Russula (and Lactarius) are two very interesting kinds of gilled mushrooms. First of all, even though they look like other gilled mushrooms, they are only distantly related yet evolved to look the same. If you study them more than superficially, though, you will quickly see that they are not at all like other gilled mushrooms, no matter how much they seem to be at first.

A quick look under a microscope at any Russula will tell you that they are unique in the mushroom kingdom. Most gilled mushrooms have smooth elliptical spores and many of the things you see surrounding the spores are long, stringy fibers, giving mushrooms their characteristic fibrous appearance:

“Regular” gilled mushroom tissue © Danny Miller

Russula spores are almost spherical, and they have warts that turn black in iodine, something that doesn’t happen too often with other gilled mushrooms. Also, many of the things you see surrounding the spores are other circular shaped cells.

Russula mushroom tissue © Danny Miller

Quite different, aren’t they? All of those spherical cells give Russula and Lactarius the ability to break in any direction (the stems famously snap audibly like a piece of chalk when fresh) so if you find a dense, tasty species they will have the texture of celery, not the usual rubbery texture of other mushrooms. They can make great edibles, with a texture unlike any other mushroom, definitely one of the prizes for wild mushroom hunters that you just can’t get in any store, at least around here.

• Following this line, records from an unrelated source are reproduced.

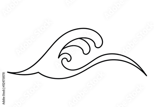 Obraz premium Continuous One-Line Drawing of a Flowing Ocean Wave - Minimalist Nature Art
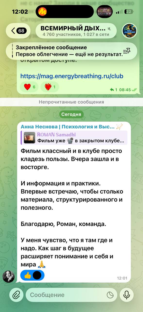 Как психолог и энерго практик с опытом более 20 лет, хочу сказать что этот опыт - ценный и глубинный процесс и что я благодарна и своей интуиции за то что пошла в январе на марафон, прошла Мага Дыхания предыдущего совсем недавно и принятому решению пойти на новый курс и он другой совсем! Кто был на предыдущем Маге, сейчас все иначе 🙏 благодарна и Роману, Ольге и команде, то что вы делаете, это спасет наш мир вместе с красотой потому что это и есть духовная красота 😍
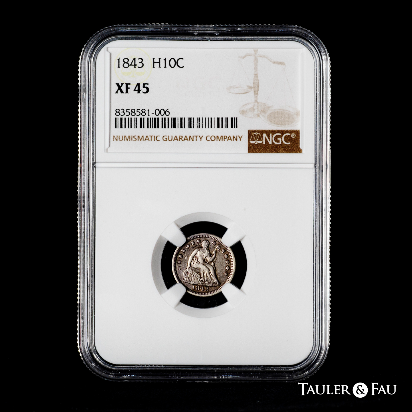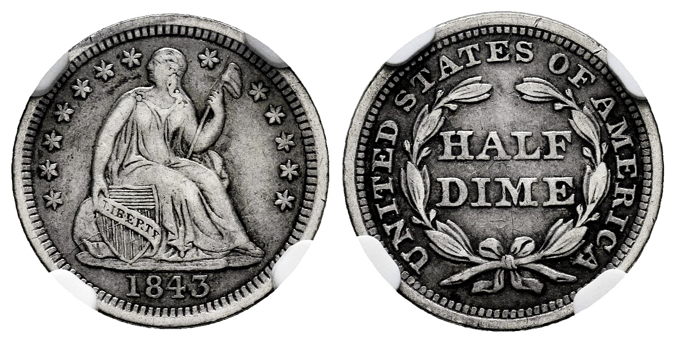 U.S. Coins. Seated Liberty Dime. 1 dime. 1843. Philadelphia. (Km-63.2). Ag. Slabbed by NGC as XF 45. Est...100,00.
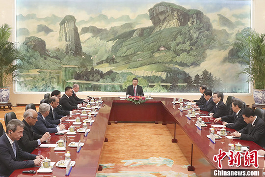 5月22日,中国国家主席习近平在北京人民大会堂集体会见来华出席上海合作组织成员国安全会议秘书第十三次会议的外方代表团团长。中新社记者盛佳鹏摄

Lactarius are probably appreciated more than Russula, because they bleed milk when broken, sometimes red, orange or blue milk! And one of them is the candy cap, the famous dessert mushroom. But Russulas don’t do anything that cool. Most Russulas look very similar to each other and you can fairly quickly learn how to identify one: they all have the same somewhat squat stature. They are mostly white except for possibly a thin cuticle of coloured skin on the cap that can somewhat be peeled off, and perhaps another splash of colour will appear somewhere else, like a shade of yellow in the gills or a hint of wine colour in the stem. Many Russulas (and Lactarius) taste acrid or hot like a hot pepper and can burn your mouth! They form mycorrhizal (symbiotic) relationships with and are found on the ground near trees, almost never on wood nor far away from trees. The gill attachment is usually adnate (running straight into the stem).

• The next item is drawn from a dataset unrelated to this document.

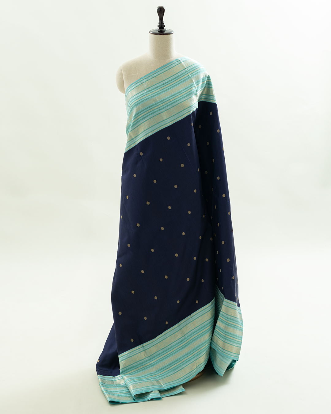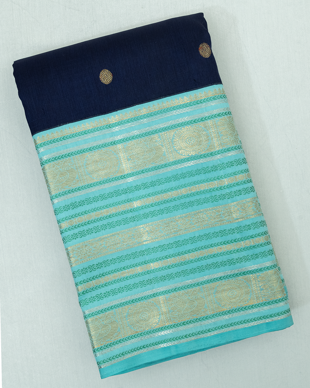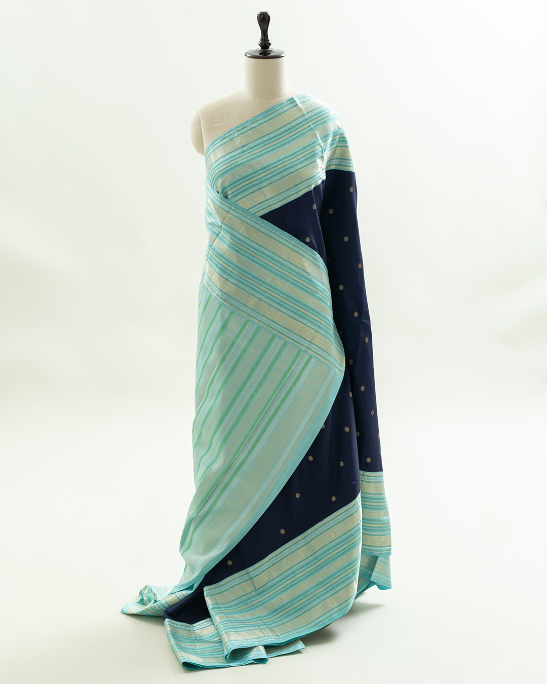 Navy blue handloom silk body featuring golden zari buttas, elegantly finished with a contrasting sky blue border and shimmering silver zari horizontal stripes.

Russulas are pretty easy to learn to recognize as a group, but exceedingly difficult to identify to species. Four of these nine photos may be the same species, R. sierrensis (photos 5-8)! © Ben Woo

But while you can easily learn to spot a Russula, knowing which species it is can be one of the most challenging identification puzzles. We probably have almost 100 species in the PNW and many of them look the same. Not only that, the same species might come in four or five different colours, so identical looking specimens could be different species and different looking specimens might be the same species. Many of them have not been described yet and have no name, so there is no Russula book you can look at to help you identify your local PNW Russulas. (Although we are trying to fix that. I am a co-author of the free MatchMaker program for MAC and PC, found at www.matchmakermushrooms.com, which has the most up-to-date information about all our local species. I am also the author of a pictorial key to our local mushrooms, which is a part of MatchMaker but can also be found separately at www.alpental.com/psms and used on phones and tablets. This is so far the only place to get comprehensive information on local Russulas). This document is intended to represent the latest and most up-to-date information on local PNW Russula species.